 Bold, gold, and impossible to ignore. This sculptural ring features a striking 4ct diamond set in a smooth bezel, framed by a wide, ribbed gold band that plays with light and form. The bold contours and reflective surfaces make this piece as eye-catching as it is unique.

------------------------------------------------------------------------

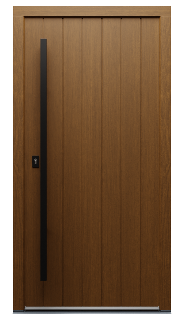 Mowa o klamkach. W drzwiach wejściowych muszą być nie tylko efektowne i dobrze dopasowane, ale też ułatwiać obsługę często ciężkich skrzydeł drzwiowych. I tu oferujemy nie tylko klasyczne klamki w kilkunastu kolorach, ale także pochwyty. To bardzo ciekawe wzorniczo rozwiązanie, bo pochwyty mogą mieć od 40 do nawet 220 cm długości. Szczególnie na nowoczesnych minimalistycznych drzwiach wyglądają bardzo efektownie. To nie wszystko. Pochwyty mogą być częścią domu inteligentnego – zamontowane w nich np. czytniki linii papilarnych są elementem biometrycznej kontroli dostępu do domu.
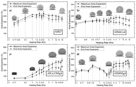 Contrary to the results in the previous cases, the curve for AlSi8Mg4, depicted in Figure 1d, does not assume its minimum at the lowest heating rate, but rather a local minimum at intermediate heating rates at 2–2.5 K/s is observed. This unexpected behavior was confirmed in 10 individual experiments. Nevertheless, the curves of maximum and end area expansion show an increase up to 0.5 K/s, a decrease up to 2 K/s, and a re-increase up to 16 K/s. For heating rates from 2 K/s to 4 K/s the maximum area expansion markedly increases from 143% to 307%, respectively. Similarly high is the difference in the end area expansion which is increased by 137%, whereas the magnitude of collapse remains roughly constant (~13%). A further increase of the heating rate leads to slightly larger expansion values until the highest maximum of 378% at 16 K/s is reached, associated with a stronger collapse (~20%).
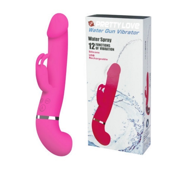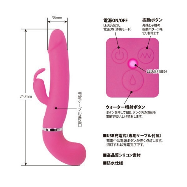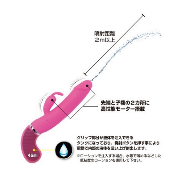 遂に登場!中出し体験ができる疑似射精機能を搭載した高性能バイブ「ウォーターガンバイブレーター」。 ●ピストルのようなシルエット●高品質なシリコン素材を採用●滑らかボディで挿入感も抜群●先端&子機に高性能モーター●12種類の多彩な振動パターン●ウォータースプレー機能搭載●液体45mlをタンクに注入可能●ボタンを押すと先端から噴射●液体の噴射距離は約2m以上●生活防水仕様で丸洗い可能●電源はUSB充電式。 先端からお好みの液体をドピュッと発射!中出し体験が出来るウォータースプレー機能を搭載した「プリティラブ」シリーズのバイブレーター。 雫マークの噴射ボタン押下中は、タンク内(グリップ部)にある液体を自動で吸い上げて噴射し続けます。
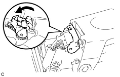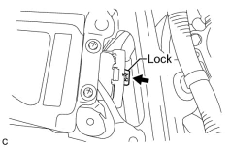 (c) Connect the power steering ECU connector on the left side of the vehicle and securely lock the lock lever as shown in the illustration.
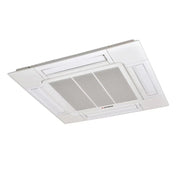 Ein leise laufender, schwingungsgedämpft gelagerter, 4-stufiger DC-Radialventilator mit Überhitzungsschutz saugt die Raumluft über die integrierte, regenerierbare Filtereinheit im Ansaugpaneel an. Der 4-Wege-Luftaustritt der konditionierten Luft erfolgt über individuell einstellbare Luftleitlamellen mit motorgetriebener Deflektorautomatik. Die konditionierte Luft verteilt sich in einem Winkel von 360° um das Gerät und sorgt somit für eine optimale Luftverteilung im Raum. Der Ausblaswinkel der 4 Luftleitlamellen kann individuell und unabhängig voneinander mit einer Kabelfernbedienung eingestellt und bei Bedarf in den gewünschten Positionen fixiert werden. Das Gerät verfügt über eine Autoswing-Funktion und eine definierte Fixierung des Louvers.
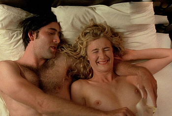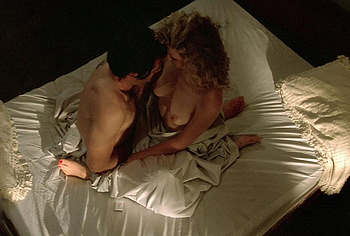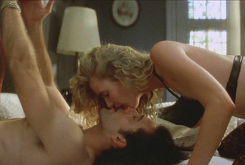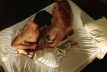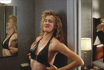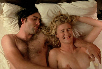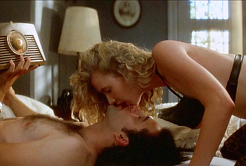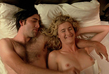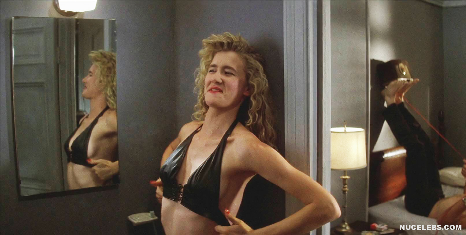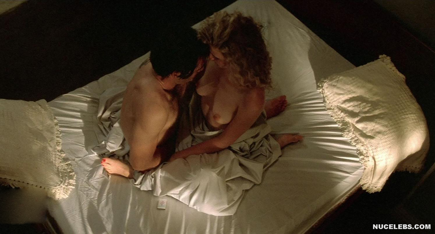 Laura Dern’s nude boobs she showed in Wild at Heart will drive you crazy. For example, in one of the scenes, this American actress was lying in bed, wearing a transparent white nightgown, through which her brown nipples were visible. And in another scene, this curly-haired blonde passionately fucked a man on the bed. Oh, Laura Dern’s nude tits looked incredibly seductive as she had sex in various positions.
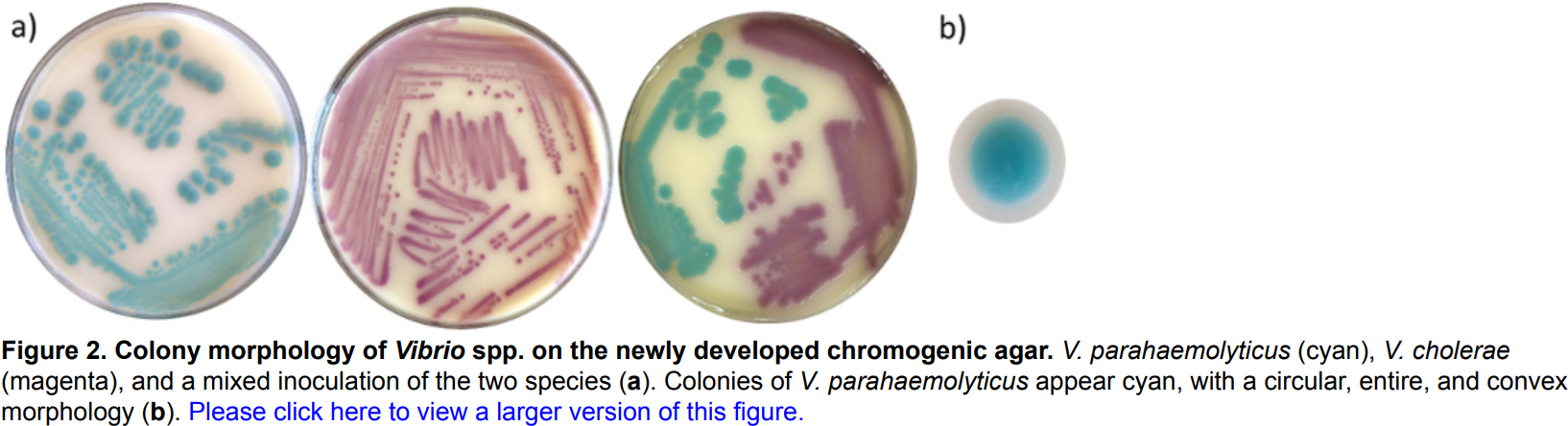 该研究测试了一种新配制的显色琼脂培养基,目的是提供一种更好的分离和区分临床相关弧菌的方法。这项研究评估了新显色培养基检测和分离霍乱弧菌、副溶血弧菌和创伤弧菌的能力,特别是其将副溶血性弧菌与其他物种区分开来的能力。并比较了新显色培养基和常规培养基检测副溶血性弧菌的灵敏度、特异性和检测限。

------------------------------------------------------------------------

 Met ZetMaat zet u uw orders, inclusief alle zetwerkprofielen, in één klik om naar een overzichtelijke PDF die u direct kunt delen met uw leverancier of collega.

------------------------------------------------------------------------

Work required =>
Return exactly the part of the listing above that opens with the line containing "Laura Dern’s nude boobs" and closes with the line containing "该研究测试了一种新配制的显色". Pictures stay out.

Expected output =>
 Laura Dern’s nude boobs she showed in Wild at Heart will drive you crazy. For example, in one of the scenes, this American actress was lying in bed, wearing a transparent white nightgown, through which her brown nipples were visible. And in another scene, this curly-haired blonde passionately fucked a man on the bed. Oh, Laura Dern’s nude tits looked incredibly seductive as she had sex in various positions.
 该研究测试了一种新配制的显色琼脂培养基,目的是提供一种更好的分离和区分临床相关弧菌的方法。这项研究评估了新显色培养基检测和分离霍乱弧菌、副溶血弧菌和创伤弧菌的能力,特别是其将副溶血性弧菌与其他物种区分开来的能力。并比较了新显色培养基和常规培养基检测副溶血性弧菌的灵敏度、特异性和检测限。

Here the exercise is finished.